The Child Protective Dilemma

By Hali Sarah Parsons, Horticulture Major

The severity built into the State of Maine’s Child Protective Unit does not serve justice to

its hardworking citizens. We should implement suggestions to raise value using the true

equality statute abided by the United States of America.

Children are being returned to “sober” addicts with no permanency factor proven

neurologically that they will remain stable enough to maintain their sobriety.

Children are taken from loving parents who protect them from the slightest swear

and harmful chemical when enough outside factors make a case appear with “possible”

threats. In some cases, “potential” threats never have a clear picture of what eliminating

them looks like for the department, and good parents are misled to termination of their

parental rights. Cases like these are not helpful for our children; they are creating mental

health issues, not a better world.

In many cases, children who are victims of various abuses are not found by

Protective Services in time or ever.

Now comes the time to marshal new laws and abolished the outdated constitutions

of the 1900s. Each century we change dramatically. Legalities are in need to shift, to

reflect in supporting our growth and expansion.

Pregnant women and their families should go through training and assessment for

preventing child abuse. New organizations should develop to support this process and

active ones expanded.

No matter what a family’s strengths and weaknesses are, completing all the

programs and regulations that parents work through when founded threats are real or

alleged should be mandated.

Clear mental health guidelines should be established and parents evaluated.

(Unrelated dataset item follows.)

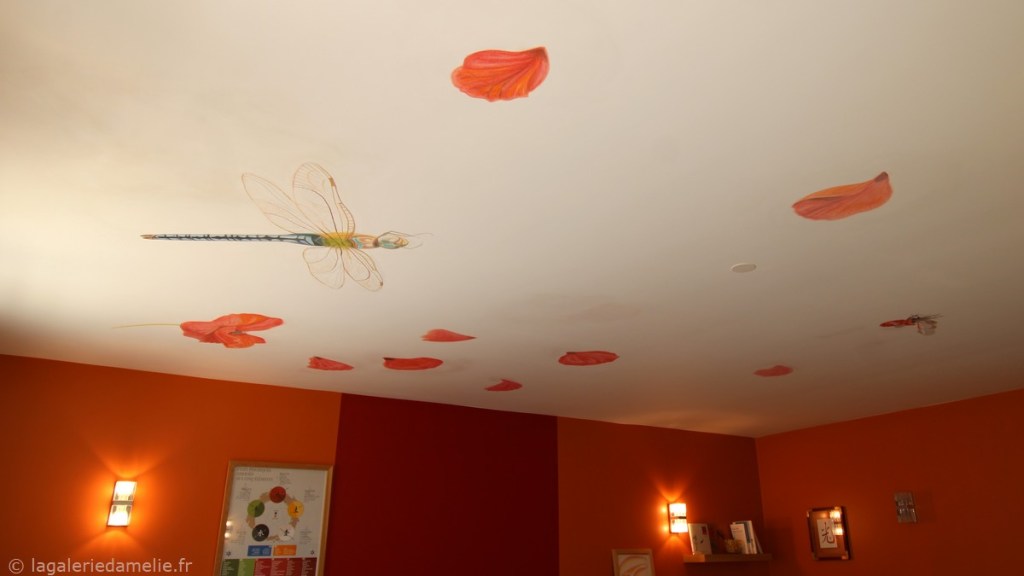 Dessins naturalistes réalisés au pastel sur le plafond d’un cabinet de thérapie.
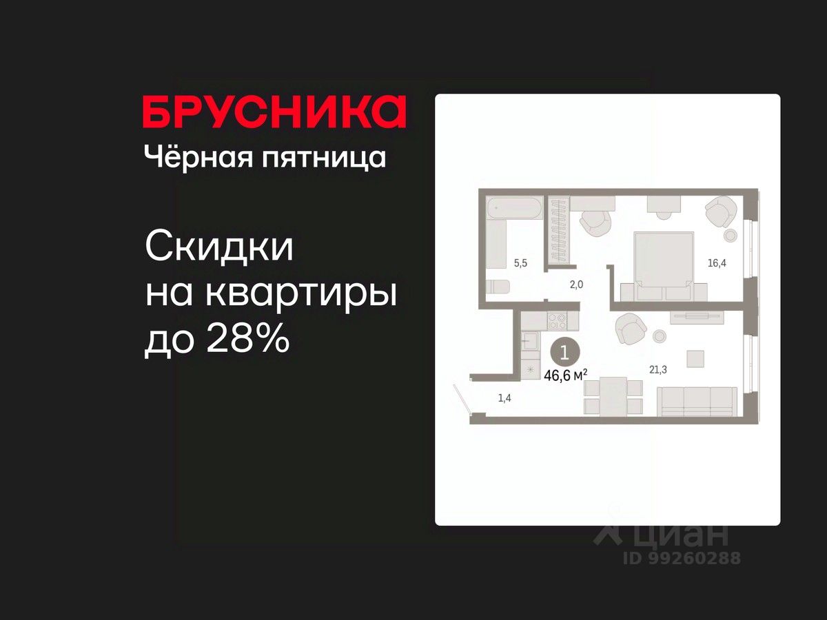 Квартира с кухней-гостиной и одной спальней в Южных кварталах. Особенности планировки: предчистовая отделка.

If serious addictions and physical abuse are concerning, closer, extended

supervision, services and family time should be afforded. Twenty-four-seven care is


The largest impact that predicts our future is our children and the model for our

children is family life. Separation is not the answer to improve our children’s lives.

Showing children the work parents do to learn about themselves and grow to be better

while still loving their children with consistent care is vital to their development.

The biggest family is our country. Let’s change our world today.